Start of Task data
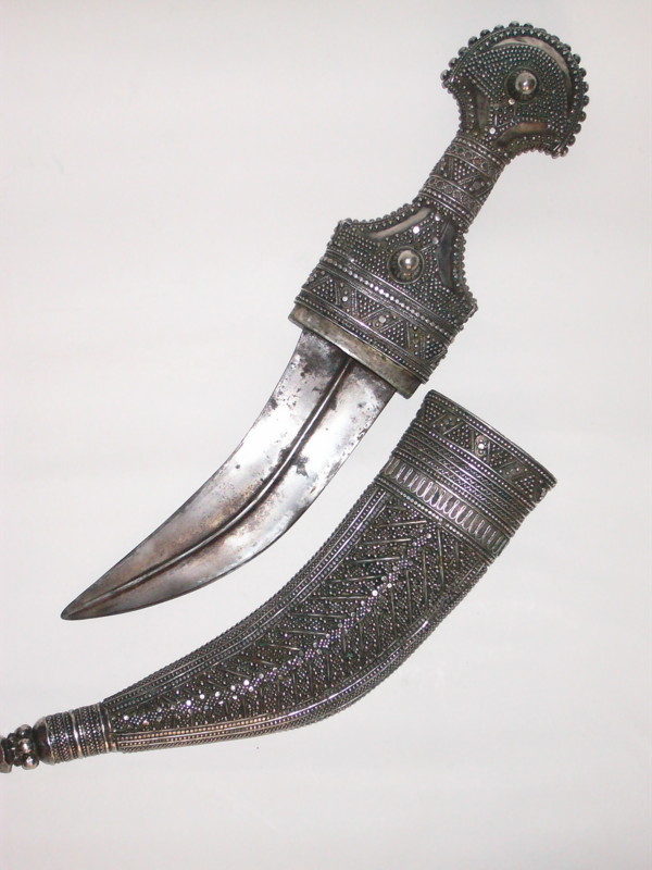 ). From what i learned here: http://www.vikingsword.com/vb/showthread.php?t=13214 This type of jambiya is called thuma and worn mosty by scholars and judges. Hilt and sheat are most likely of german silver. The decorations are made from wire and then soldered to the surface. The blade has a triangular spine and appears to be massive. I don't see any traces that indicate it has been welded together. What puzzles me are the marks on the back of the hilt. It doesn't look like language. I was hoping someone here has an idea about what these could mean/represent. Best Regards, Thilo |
End of Task data
Start of Task data
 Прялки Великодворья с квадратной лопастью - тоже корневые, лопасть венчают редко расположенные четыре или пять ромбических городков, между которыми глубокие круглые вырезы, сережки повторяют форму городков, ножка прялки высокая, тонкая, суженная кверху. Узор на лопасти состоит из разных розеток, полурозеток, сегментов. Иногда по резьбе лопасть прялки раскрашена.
End of Task data
Start of Task data
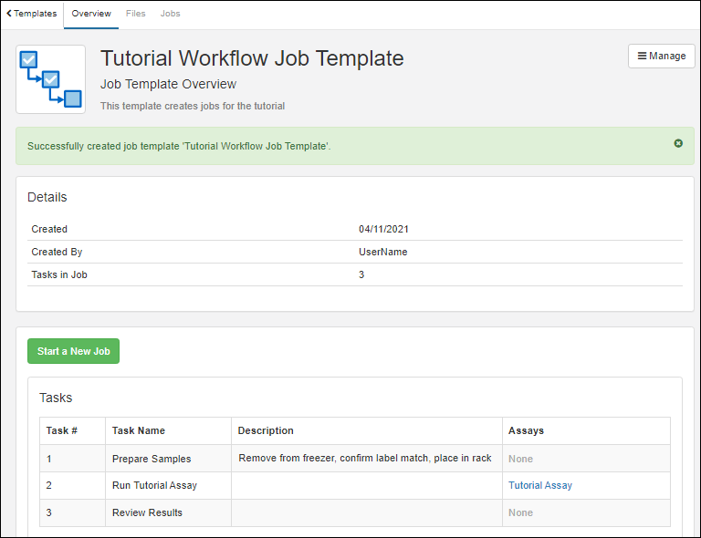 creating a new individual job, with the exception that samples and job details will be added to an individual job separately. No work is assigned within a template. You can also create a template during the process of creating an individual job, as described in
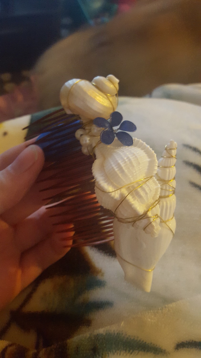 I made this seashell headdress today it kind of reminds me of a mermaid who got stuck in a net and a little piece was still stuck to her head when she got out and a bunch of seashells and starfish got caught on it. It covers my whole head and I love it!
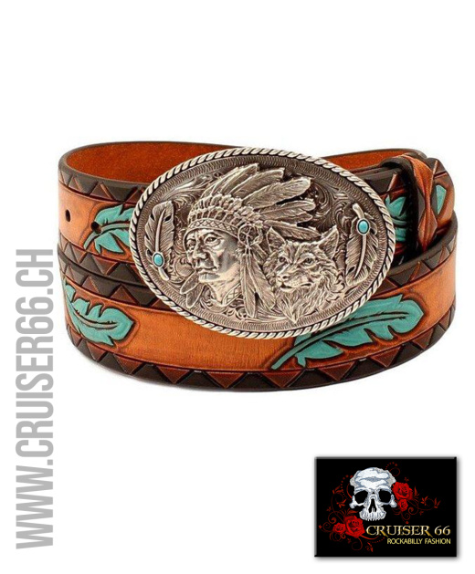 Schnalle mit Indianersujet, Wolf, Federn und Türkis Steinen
End of Task data
Exercise: Everything above from the line containing "creating a new" through the line containing "Schnalle mit Indianersujet, Wolf, Federn" must be repeated exactly, and the pictures must be left out.

Output for this exercise:
 creating a new individual job, with the exception that samples and job details will be added to an individual job separately. No work is assigned within a template. You can also create a template during the process of creating an individual job, as described in
 I made this seashell headdress today it kind of reminds me of a mermaid who got stuck in a net and a little piece was still stuck to her head when she got out and a bunch of seashells and starfish got caught on it. It covers my whole head and I love it!
 Schnalle mit Indianersujet, Wolf, Federn und Türkis Steinen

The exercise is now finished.